3.2 Predictive Uncertainty Estimation

Alternatively, we can train a network to output the parameters \(\varvec{\theta }\) of a parametric model of the distribution \(p(\mathbf{y }|\mathbf{x },\mathcal D)\) as introduced by Nix and Weigend [25]. In the literature, Gaussian distributions (where \(\varvec{\theta }\) parameterizes the distribution’s mean and the variance) are most common, but any type of parametric distribution is possible. Such networks can be optimized by maximizing their log-likelihood:

$$\begin{aligned} \log p(\mathcal {D} \mid \mathbf{w }) = \frac{1}{N} \sum _{i=1}^N \log p(\mathbf{y }_i \mid \varvec{\theta }(\mathbf{x }_i,\mathbf{w })) \end{aligned}$$
(4)

w.r.t. \(\mathbf{w }\).
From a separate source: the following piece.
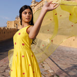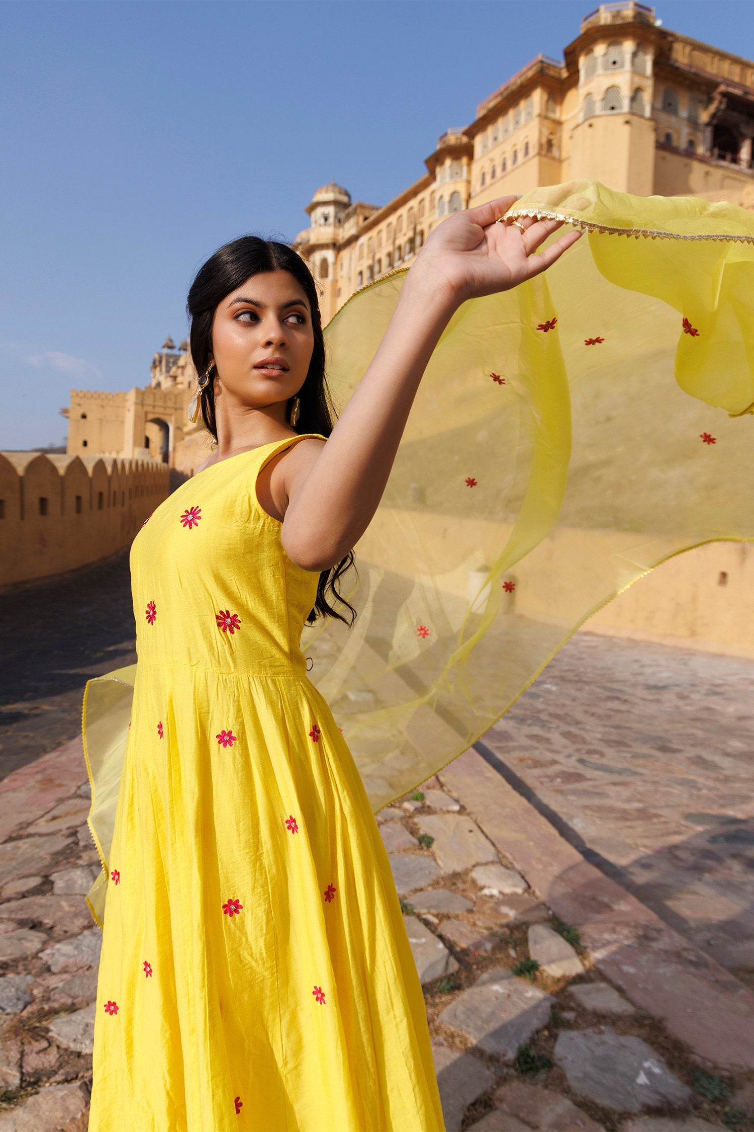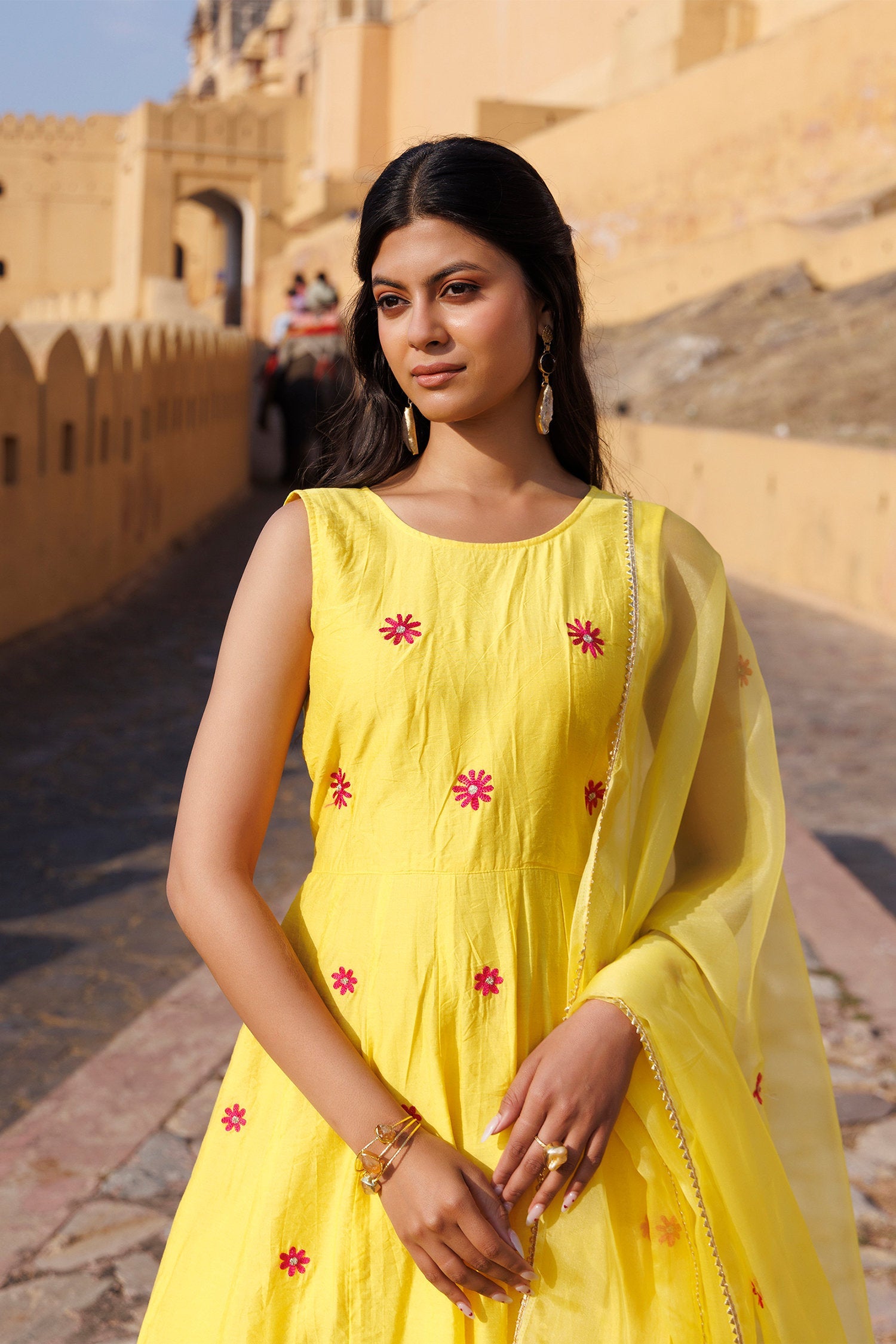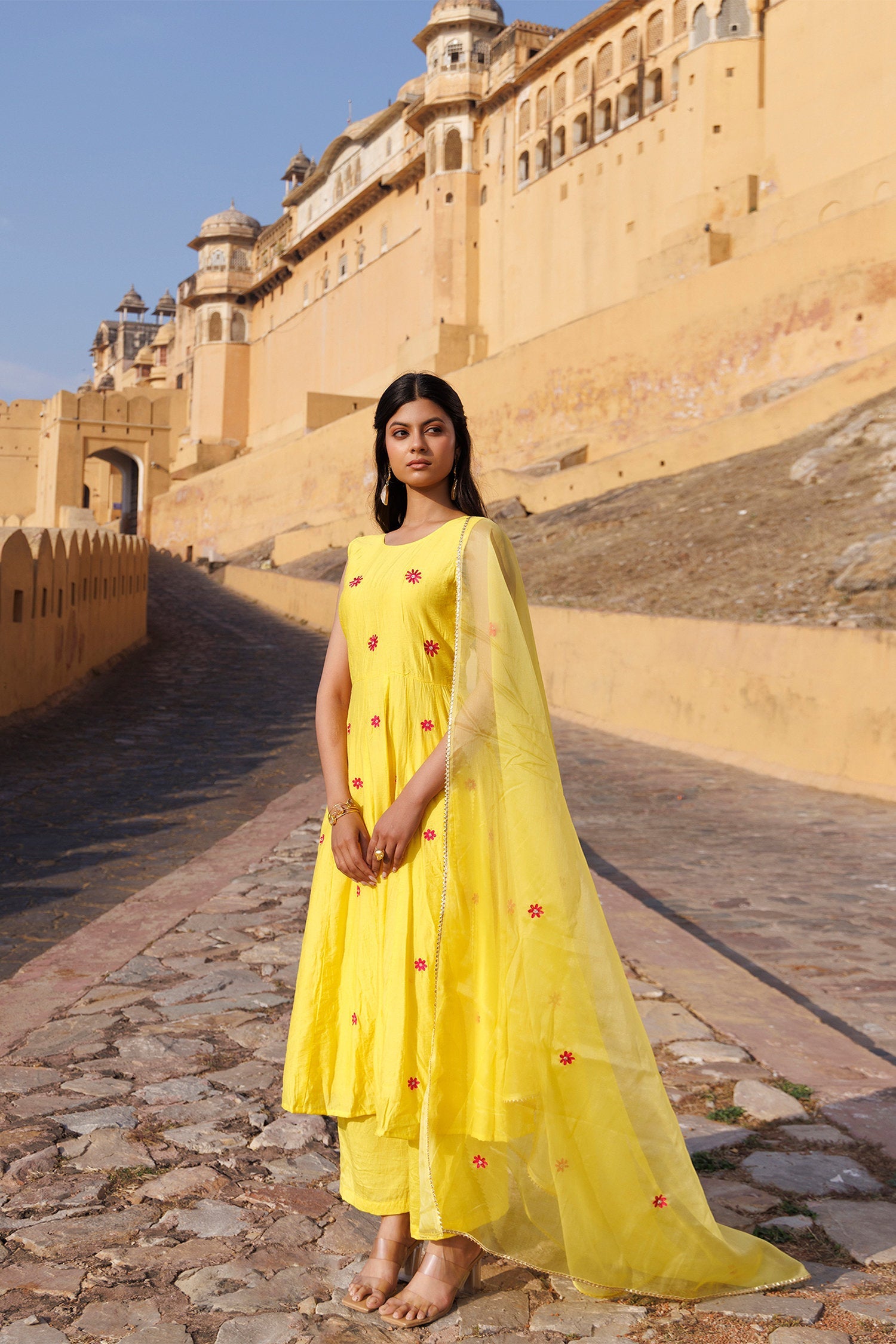 Yellow chanderi kurta set features round neckline and sleeveless top adorned with embroidery work forming red floral design ,matching pants and dupatta adorned with and floral embroidery and laces at border of dupatta making it reflect elegance and grace , ideal for any occasions

The predictive distribution for an input \(\mathbf{x }\) is then defined as:

$$\begin{aligned} p(\mathbf{y }\mid \mathbf{x },\mathbf{w }) \equiv p(\mathbf{y }\mid \varvec{\theta }(\mathbf{x },\mathbf{w })). \end{aligned}$$
(5)

While negative log-likelihood of a Gaussian corresponds to \(L_2\) loss, FlowNet is trained with an EPE loss, which has more robustness to outliers. Thus, we model the predictive distribution by a Laplacian, which corresponds to an \(L_1\) loss. The univariate Laplace distribution has two parameters a and b and is defined as:

$$\begin{aligned} \mathcal {L}(u|a,b) = \frac{1}{2b}e^{-\frac{|u-a|}{b}} \mathrm {.} \end{aligned}$$
(6)

As Wannewetsch et al. [29], we model the u and v components of the optical flow to be independent. The approximation yields:

$$\begin{aligned} \mathcal {L}(u,v|a_u,a_v,b_u,b_v) \approx \mathcal {L}(u|a_u,b_u) \cdot \mathcal {L}(v|a_v,b_v) \mathrm {.} \end{aligned}$$
(7)

We obtain a probabilistic version of FlowNet with outputs \(a_u\), \(a_v\), \(b_u\), \(b_v\) by minimizing the negative log-likelihood of Eq. 7:

$$\begin{aligned} - \log (\mathcal {L}(u|a_u,b_u) \cdot \mathcal {L}(v|a_v,b_v)) = \frac{|u-{a}_u|}{{b}_u} + \log {{b}_u} + \frac{|v-{a}_v|}{{b}_v} + \log {{b}_v}. \end{aligned}$$
(8)

As an uncertainty estimate we use the variance of the predictive distribution, which is \(\sigma ^2 = 2b^2\) in this case. This case corresponds to a single FlowNetC predicting flow and uncertainty as illustrated in Fig. 2c.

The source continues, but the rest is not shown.